Небольсин отодвинулся от него и удивленно спросил:
— Те-бе… от Нюшеньки?
— А что? Почему бы и нет? Я, знаешь, Небольсин, не хочу только хвастать, а у женщин всегда имею большую аттенцию.
Но поручик не слушал его. Развернув смятое письмо, он быстро прочел его, потом вздохнул, закрыл глаза и, проведя ладонью по лицу, тихо улыбнулся.
Петушков удивленно смотрел на него. Вдруг Небольсин весело рассмеялся.
— Счастливчик ты, Петушков! Умом и красотой не обидели тебя боги… истый Парис, — отдавая письмо, сказал он.
Петушков выставил вперед грудь и улыбнулся.
— Завидую тебе, любимец богов и князевых наяд; об одном только прошу, когда будешь говорить с прелестницей Нюшенькой, скажи ей, что я шлю низкий поклон и сегодня же нарву для нее десять сиреневых букетов из лазаретного сада.
— Десять сиреневых букетов? — перебил его Петушков. — Не много ли будет? Хватит одного, да побольше.

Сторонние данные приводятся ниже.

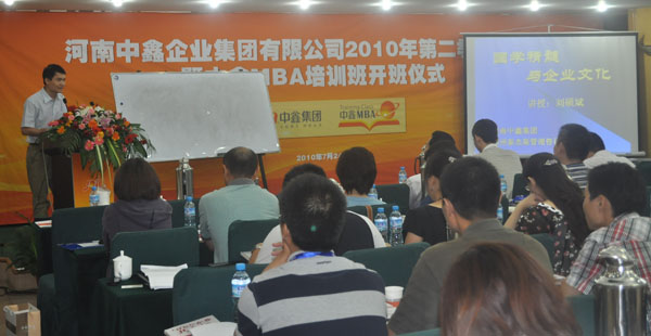 中鑫集团MBA在中鑫集团董事长、总裁季卫东先生的关心与支持下,由人力资源总监陈义力先生作为项目牵头人,经过悉心筹备,于2010年7月正式开班授课。首届94名学员是从1000多名中鑫员工中严格选拔产生。在这里没有公司总经理、经理等上下属关系之分,也不考虑什么岗位和职务,只有同一起跑线的学员们,一切按班委会要求执行。这次MBA培训历时18个月,对整个中鑫集团来说是首次,对参与培训的大部分学员来说也是首次,为了让学员们在培训中得到真正的提高,在集团人力资源总监亲自组织和操作下,经过人力资源部的调查,最终确定了符合公司实际情况与需求的18门课程,并设计了一整套教学方案与激励措施,旨在使每位工作数年,重返课堂的学员们通过培训学习得到启发,提高处事能力与工作技巧,将整个中鑫集团各层人员的个人素养提升到新的层次,为中鑫集团培养出一批企业需要的人才。

— О нет, мой счастливый друг, тебе утехи любви, а мне, — Небольсин вздохнул, — презенты дамам. Именно так, именно десять, и обязательно из лазаретного сада… пусть посмеется над моей смешной фантазией.
— Скажу! — покровительственно обещал Петушков. — До завтрева, мон шер, да, кстати, — уже с верхней ступеньки спросил он, — а как, потерь у нас много?

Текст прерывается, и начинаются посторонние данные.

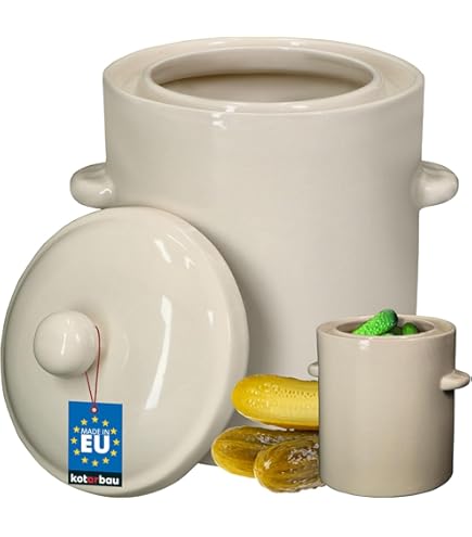 Dieses Gärtopf-Set von MS-Steinzeug ist perfekt für alle, die gesund und nachhaltig leben wollen! Der 5 Liter große Topf aus braunem Steinzeug kommt mit allem, was du zum Fermentieren brauchst: Beschwerungsstein, Krautschneider (60x19cm), Stampfer, Krautgabel und sogar Rezepte. So kannst du ganz einfach Sauerkraut, Gurken, Bohnen, Kombucha oder andere Leckereien selbst machen. Die Milchsäuregärung macht das Gemüse nicht nur länger haltbar, sondern auch vitaminreicher - ideal für Veganer und Vegetarier. Einfach den Topf ausspülen, befüllen, Steine drauf und den Deckel auflegen. Die extra breite Wasserrinne wird mit Wasser gefüllt und sorgt für luftdichten Abschluss. Die glatte Glasur macht die Reinigung super einfach. Die Töpfe werden bei 1250°C gebrannt und sind damit extrem robust. Ob für Einsteiger oder erfahrene Fermentierer - mit diesem Set gelingt dir jedes fermentierte Gemüse! Gesund, lecker und ganz ohne Konservendosen.

Небольсин посмотрел на него, помолчал, нахмурился и сказал:
— Хватит.
— Нет, нет, постой… ведь мне же Нюшеньке придется сказать… она же беспокоится, просит.
— Ничего. Скажи, что ее обольстительный князь жив и от боя был верстах в четырех.
— А… а остальные?
Небольсин повернулся, махнул рукой и, не прощаясь, сошел вниз.
— Чудной какой-то… а еще переведенный из гвардии, — поджимая губы, удивился Петушков и вошел в канцелярию фон Краббе.
Один из дворецких провел подпоручика по коридору, другой с поклоном открыл ему дверь в залу.
— Пришли… а мы уж и не чаяли увидеть… думали, и вас на чечена угнали, — сказала Нюшенька и, схватив подпоручика за руку, взволнованно спросила: — Ну как там, кого убили? — голос ее дрогнул. — Говорите, ну да рассказывайте же, а то здесь ужас чего не говорят!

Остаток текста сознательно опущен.